Il y aurait encore beaucoup à dire, mais s’il est vrai que la « pensée est un
oiseau qui, dans une cage de mots, peut ouvrir ses ailes, mais ne peut
voler1 », laissons les oiseaux s’envoler. À présent, silence.
Mais pour que ce silence soit complet, il me faut encore vous dire deux
choses : pardon si j’ai pu déformer la vérité et merci pour votre attention.
1. Khalil Gibran, Le Prophète.
Le temps est venu pour toi, Oiseau, d’étendre tes ailes comme une voile.
Envole-toi à présent sans te laisser retenir par les ombres d’hier !
Car si tu es le fils de la poussière, tu es aussi le fils de la lumière.
Va chercher la lune et les étoiles !
Mais n’oublie pas qu’on ne peut construire de maison dans le ciel !
Qu’il te faut redescendre pour transfigurer le monde,
Car si tu es le fils de la lumière tu es aussi le fils de la terre.
Repose-toi en son sein et nourris-toi d’elle,
Mais n’oublie jamais que s’il est bon de se poser,
Il ne faut jamais arrêter ta quête,
Car si tu es le fils de la terre, tu es aussi le fils du vent,
Écoute en toi ce que te souffle ton essentiel désir,
Sans te laisser détourner par les mirages,
Mais n’oublie pas que rien ici-bas ne peut suffire à étancher ta soif,
Car si tu es né dans le monde des limites et des formes,
Tu es aussi traversé par l’infini et le sans-forme.
Voltige autour du monde et découvre les richesses éparpillées !
Mais n’oublie jamais que le trésor que tu cherches est aussi en toi !
Car si tu es le fils du vent, tu es aussi le fils du feu :
Va donc enflammer le monde de ton amour sans rien garder pour toi !
Mais n’oublie pas que ton amour ne vient pas de toi
et que, même pour ce que tu donnes, tu peux dire merci !
Car si tu es le fils du feu, tu es aussi le fils de la pluie !
Bois le monde de tes yeux et éclabousse-le de ta joie
Mais ne crains rien car même l’eau qui chute rejoint un jour le ciel !
Remerciements
Pour rendre compte d’un événement, nous devons soit remonter à l’infini la
chaîne des causes, ce qui est impossible, soit penser une cause première
dont l’origine est aussi mystérieuse que l’origine du temps.

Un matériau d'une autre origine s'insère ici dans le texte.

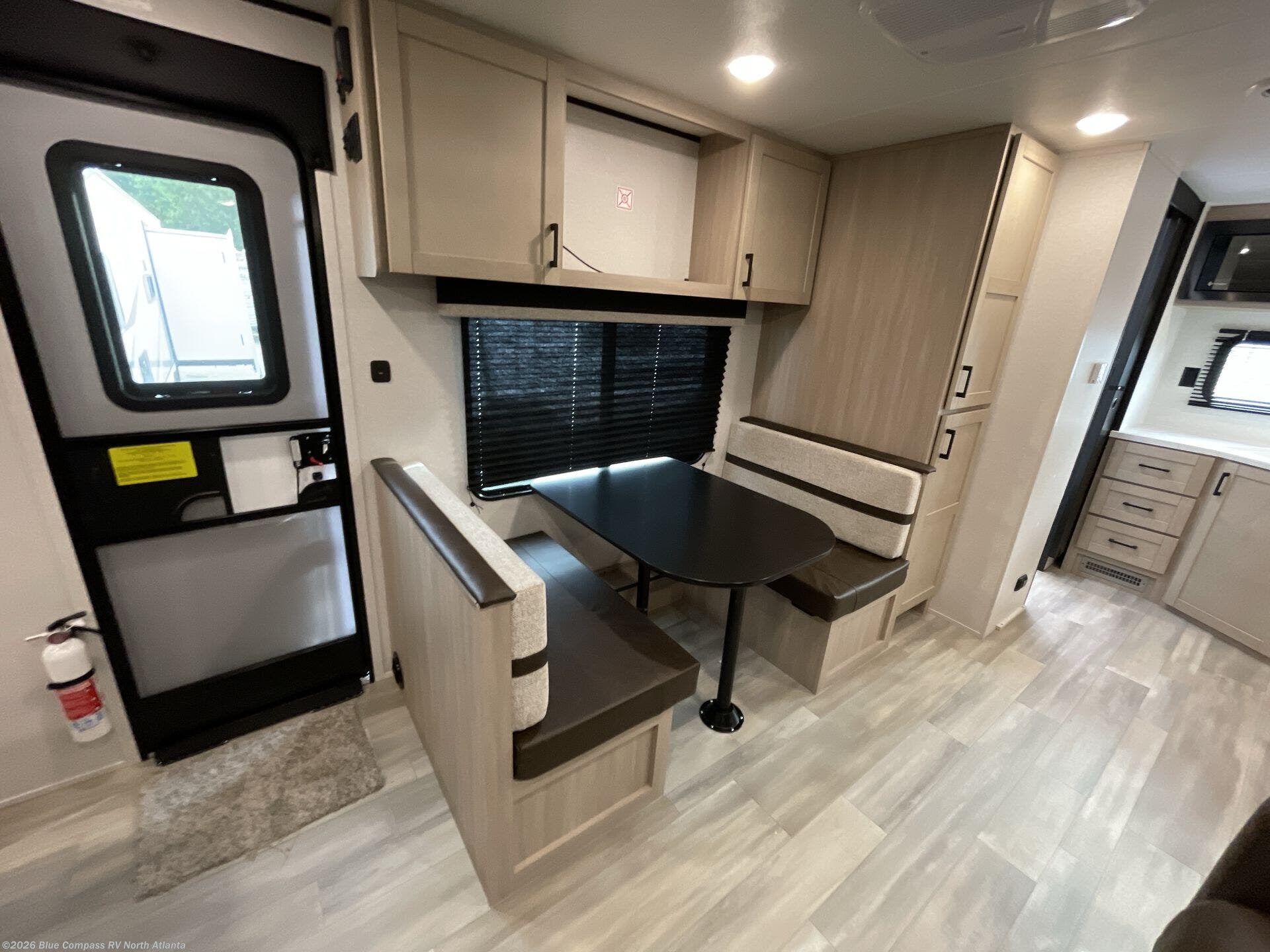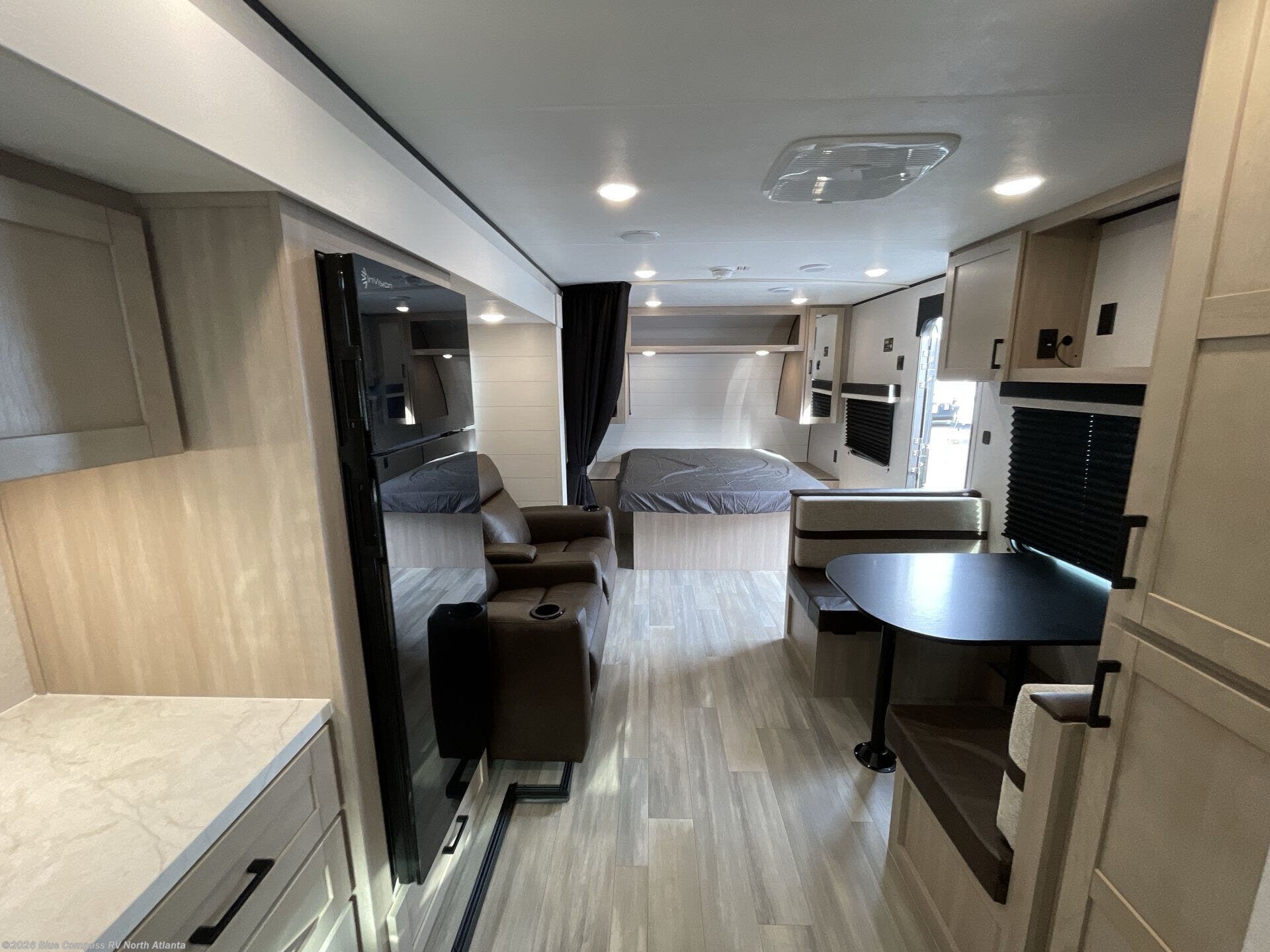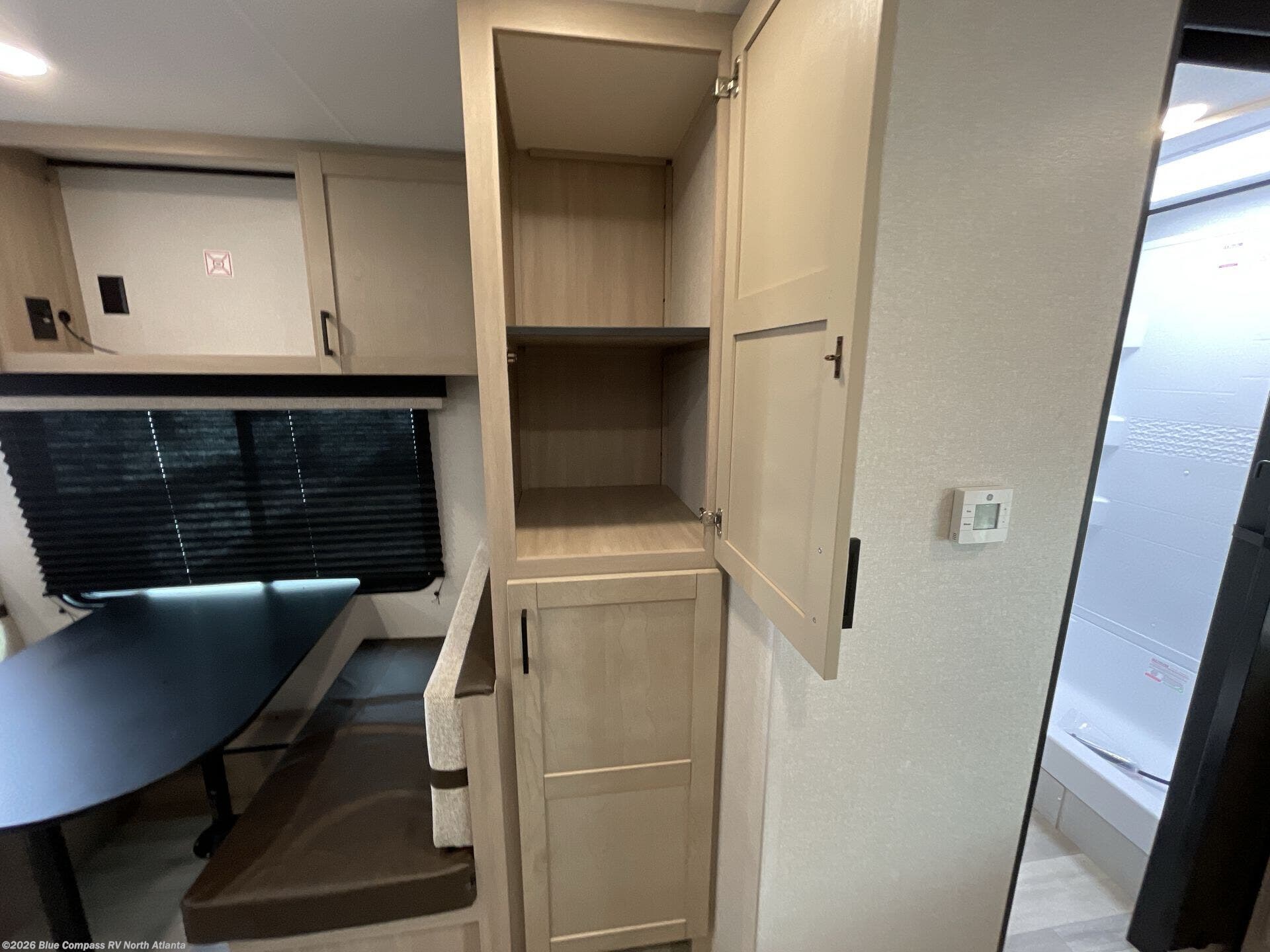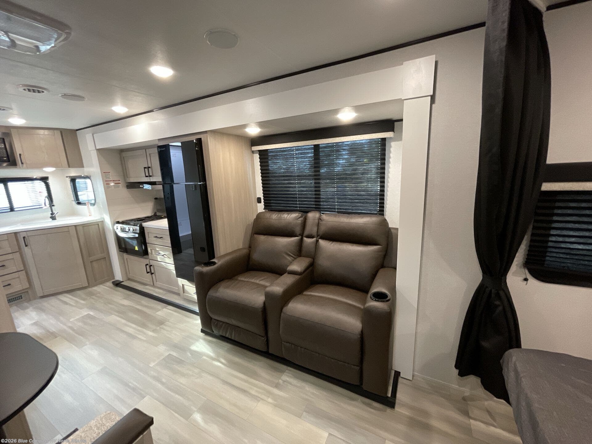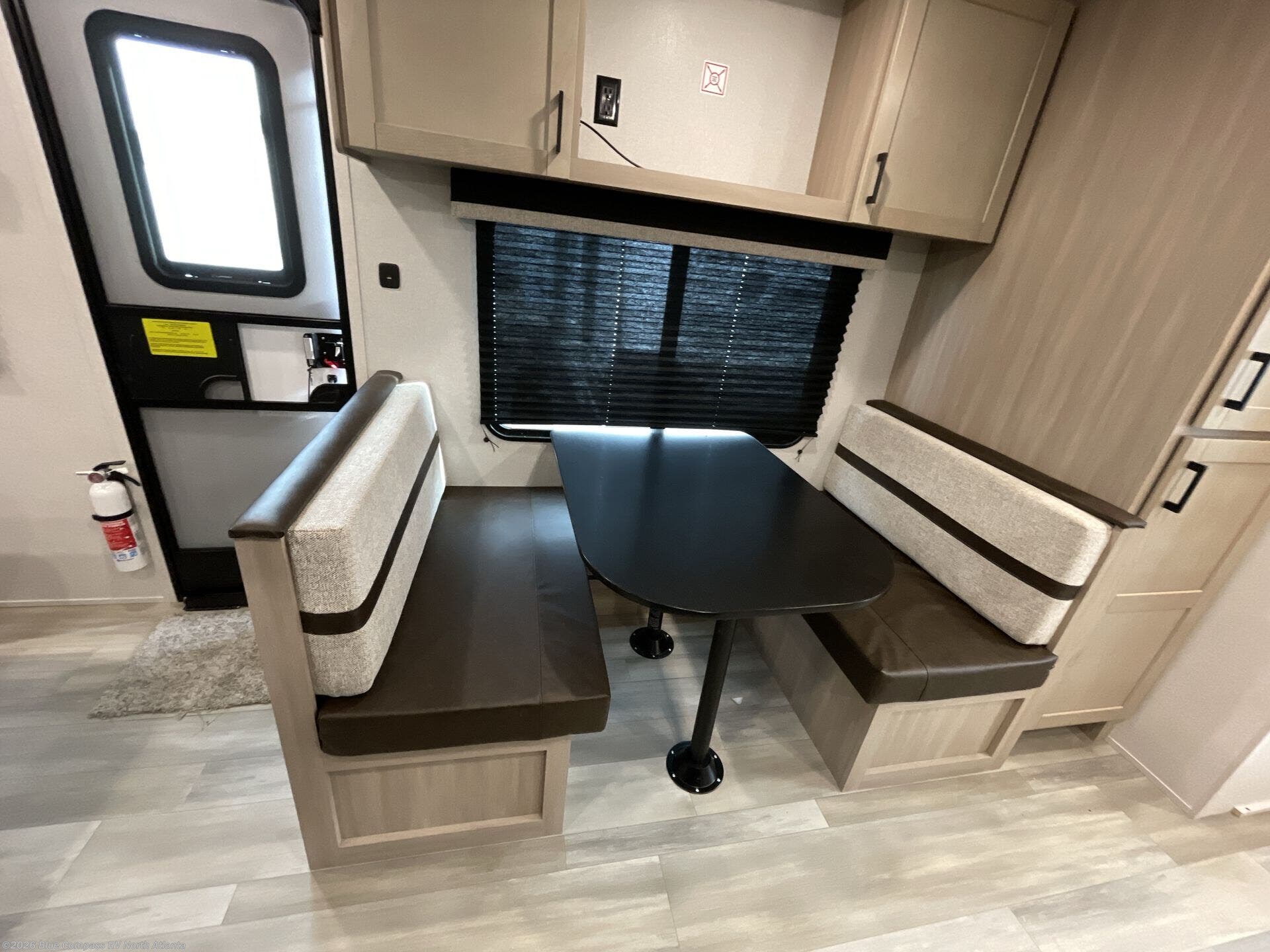 You'll love having your own space in this travel trailer thanks to the front bedroom with a queen bed, dual bedside wardrobes, and privacy curtain. A large slide out provides more space to move about, and there is theater seating here to relax in the evenings. You can make meals on the three-burner cooktop or in the microwave oven, and you can dine at the booth dinette. This unit also includes a 12V refrigerator and pantry for food storge plus ample overhead cabinets for your personal belongings.

Dans les deux
cas, notre mémoire et notre intelligence sont trop faibles pour remonter très
loin. Alors, au moment de remercier tous ceux qui ont rendu possible ce
livre, je dois avouer la peur qui est la mienne d’être ingrat vis-à-vis de tous
ceux qui ont joué un rôle, même dans l’ombre de ma mémoire. Je
commencerai donc par dire merci à tous ceux qui m’ont donné la vie et la
joie de vivre, la famille ou les amis. Merci aussi à tous les maîtres et
instructeurs, du présent et du passé, qui m’ont appris à écrire et à penser, à
chercher et à m’émerveiller. Mais au-delà de mes parents, il me faut
remonter le temps et remercier mes ancêtres. Et au-delà du temps, il me faut
lever les yeux et remercier cette origine sans laquelle il n’y aurait ni
l’amour, ni la vie, ni la beauté, ni la bonté.
S’il est difficile de se représenter la cause première, nous avons en revanche
la chance de pouvoir rencontrer les causes dernières. Comme des étoiles,
des personnes éclairent pour vous le chemin et vous aident à surmonter les
obstacles. Ainsi, ce livre n’aurait pas pu naître sans le soutien et les conseils
de mon épouse Fanny, ni sans la patience de François, Matthieu, Ysé et
Thomas, dont la rédaction de ce livre m’a éloigné. Ma gratitude va d’abord
vers eux.
Impossible d’oublier Agnès Vidalie, des éditions Marabout, pour sa
confiance et ses encouragements, et Élisabeth Boyer, qui a fait un travail
précieux de relecture et de commentaires sur mon texte. Ce fut admirable de
rencontrer une telle compétence, mais plus encore de si belles qualités
humaines.
Merci enfin à tous ceux que je ne connais pas dont les prières ou les actions,
souvent discrètes, permettent à ce monde de tenir malgré tout debout.